◆ How to complete this task
Transcribe every line of the material below without change, apart from dropping the pictures.

◆ Recorded data
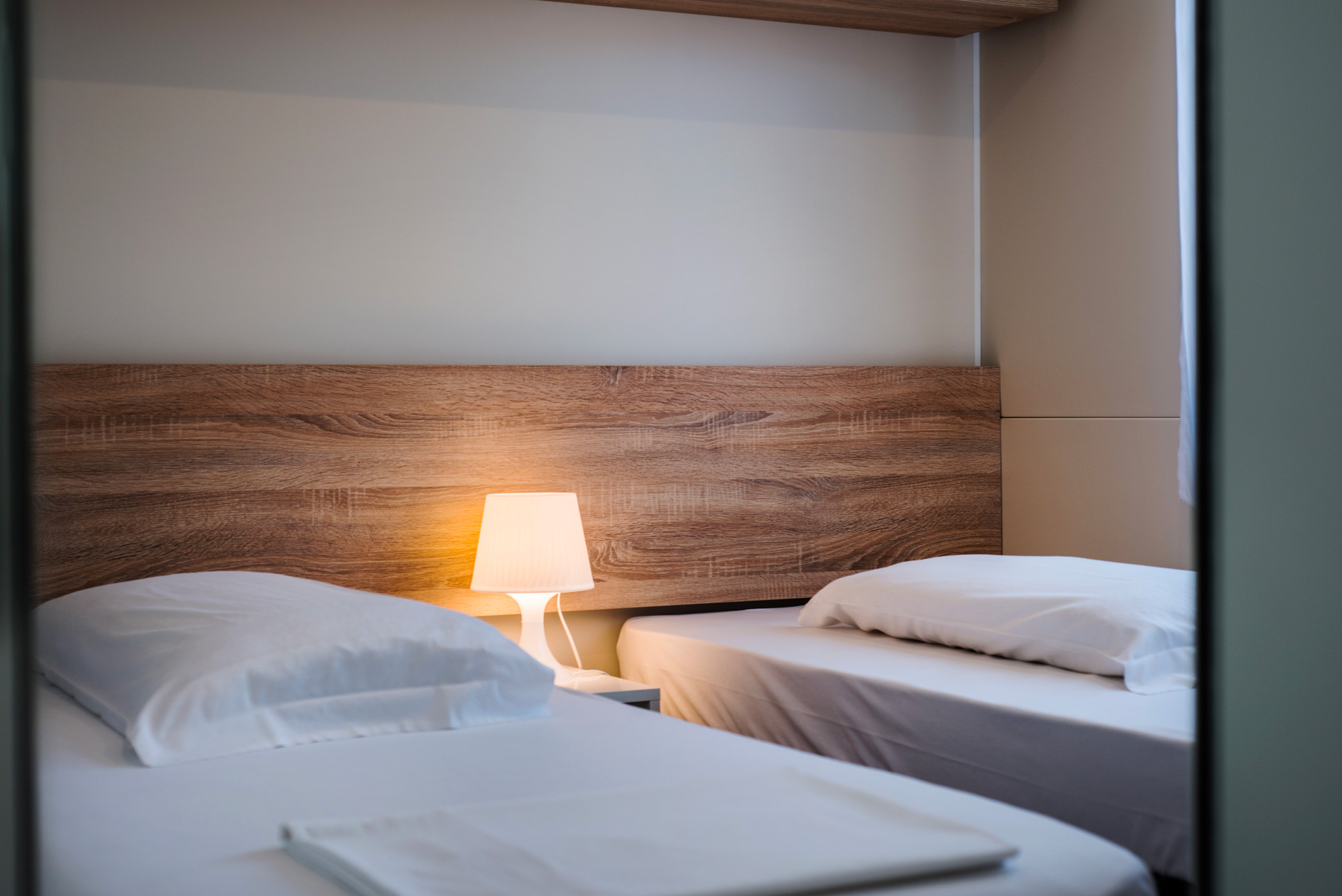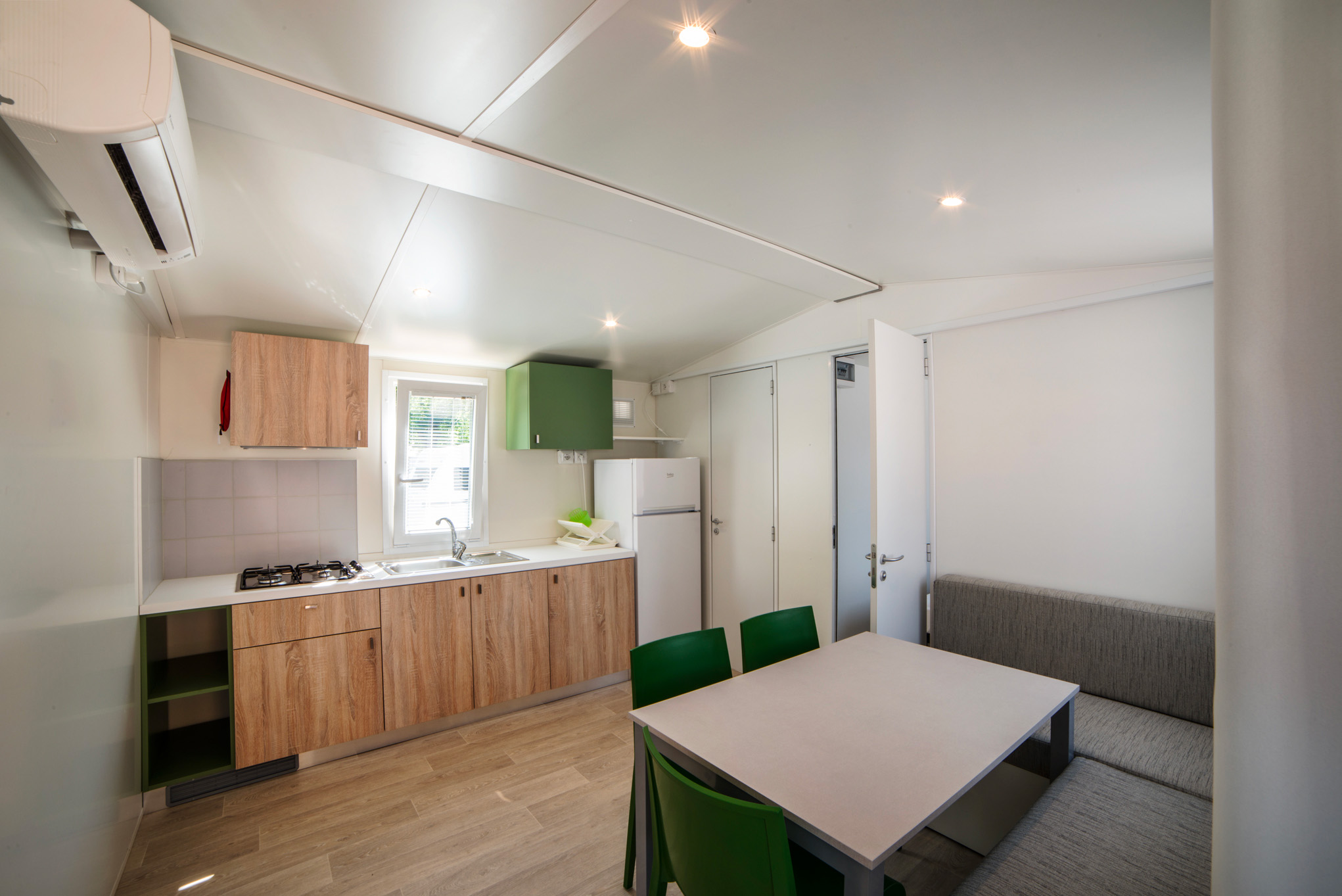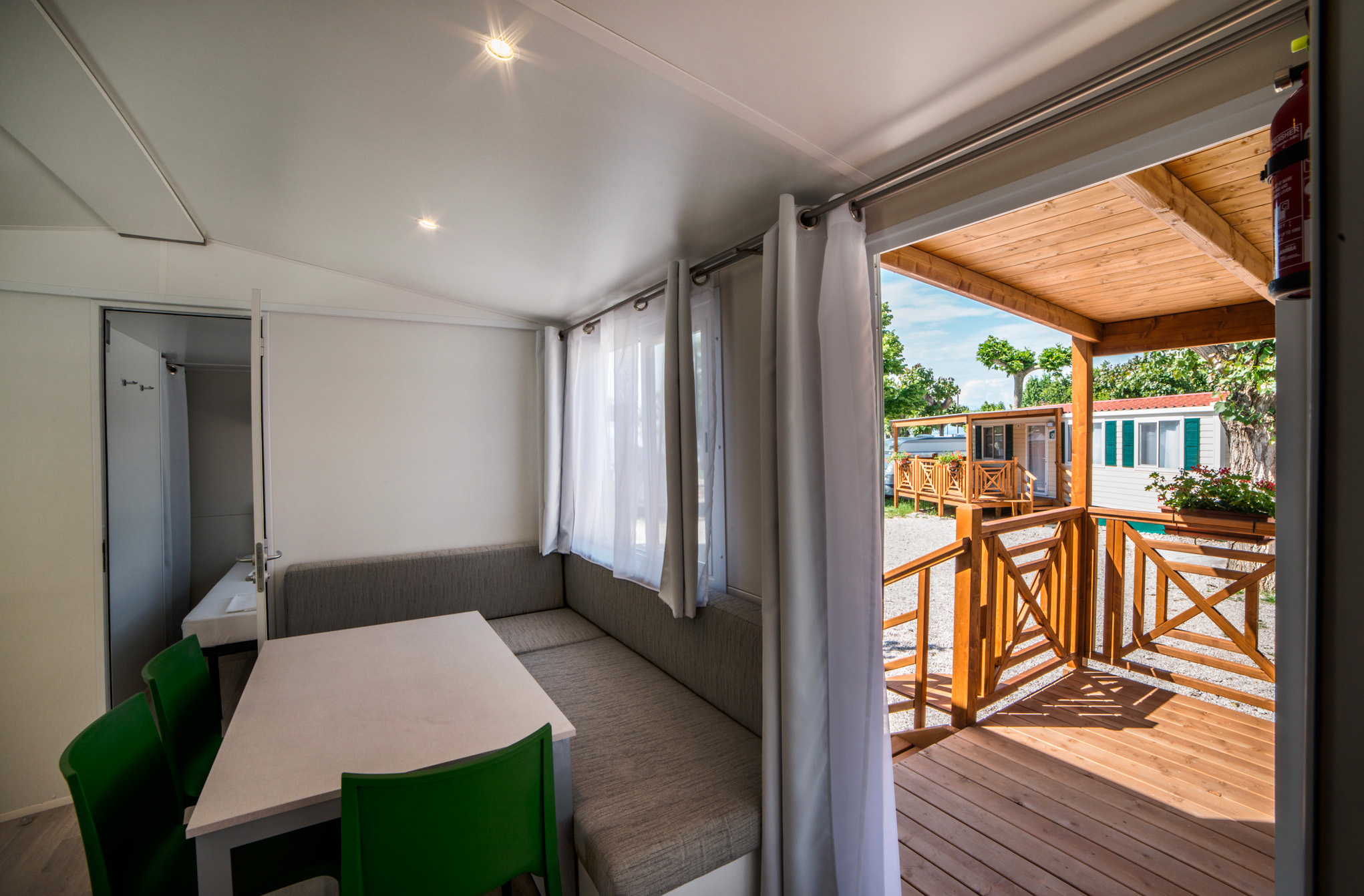 The Baia Prestige mobilehome has an area of about 30 square meters and can hold a maximum of 4 people. Consists of: kitchenette with stove, refrigerator with freezer, living room with sofa, bedroom with double bed, bedroom with 2 single beds, 1 bathroom with shower, washbasin and toilet, closet closets, small outdoor garden with table and chairs in the raised wooden terrace.
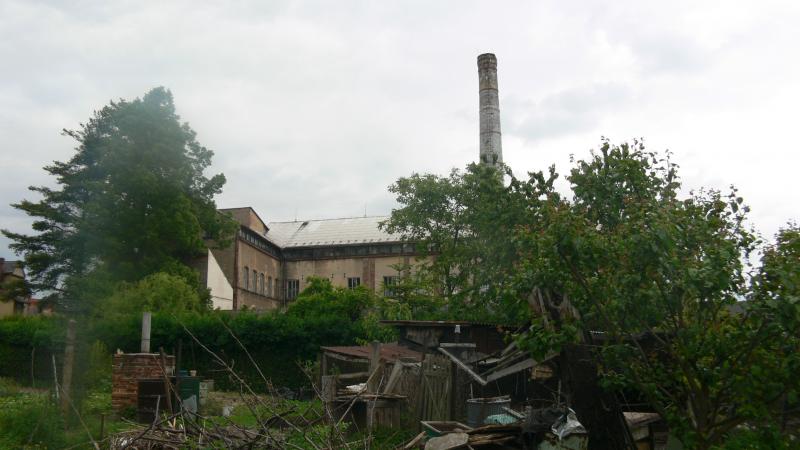 Pokračuji dále podél malebného potůčku, obdivuji hráz a cestou míjím ohrady plné ovcí a koz. Atmosféra je prosáklá ponurou industrielní romantikou. Konečně se nacházím opět na hlavní silnici, odkud se vydávám k bývalému měšťanskému pivovaru. Dávno tomu, co se tady vařilo pivo, od roku 1968 slouží prostory jako skladiště. Pompézní areál zastiňuje autobazar, jež hlídají velcí zlí psi. Mám psy ráda, ale tyhle mordy opravdu nahánějí strach, proplížím se kolem, abych vyfotila objekt i zezadu. Zde se mi naskytne výhled na rozkošné zákoutí s nádrží, ač ostnaté dráty a nemilí hlídačové ve mně vyvolávají tíseň.
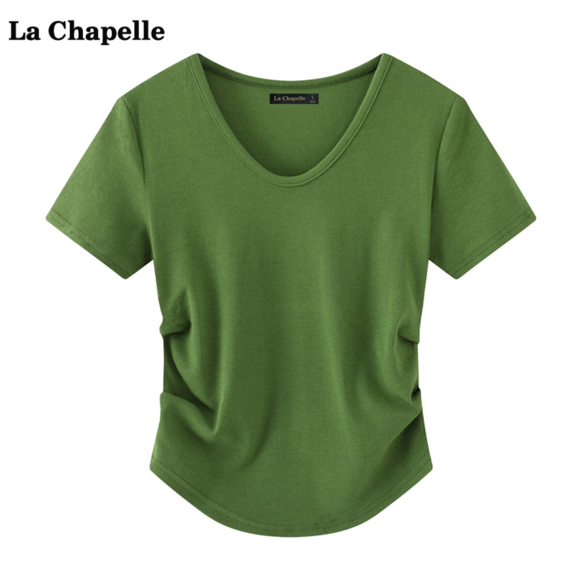 拉夏贝尔/La Chapelle纯色V领短袖T恤女夏季新款褶皱修身显瘦上衣

◆ Result of this exercise
 The Baia Prestige mobilehome has an area of about 30 square meters and can hold a maximum of 4 people. Consists of: kitchenette with stove, refrigerator with freezer, living room with sofa, bedroom with double bed, bedroom with 2 single beds, 1 bathroom with shower, washbasin and toilet, closet closets, small outdoor garden with table and chairs in the raised wooden terrace.
 Pokračuji dále podél malebného potůčku, obdivuji hráz a cestou míjím ohrady plné ovcí a koz. Atmosféra je prosáklá ponurou industrielní romantikou. Konečně se nacházím opět na hlavní silnici, odkud se vydávám k bývalému měšťanskému pivovaru. Dávno tomu, co se tady vařilo pivo, od roku 1968 slouží prostory jako skladiště. Pompézní areál zastiňuje autobazar, jež hlídají velcí zlí psi. Mám psy ráda, ale tyhle mordy opravdu nahánějí strach, proplížím se kolem, abych vyfotila objekt i zezadu. Zde se mi naskytne výhled na rozkošné zákoutí s nádrží, ač ostnaté dráty a nemilí hlídačové ve mně vyvolávají tíseň.
 拉夏贝尔/La Chapelle纯色V领短袖T恤女夏季新款褶皱修身显瘦上衣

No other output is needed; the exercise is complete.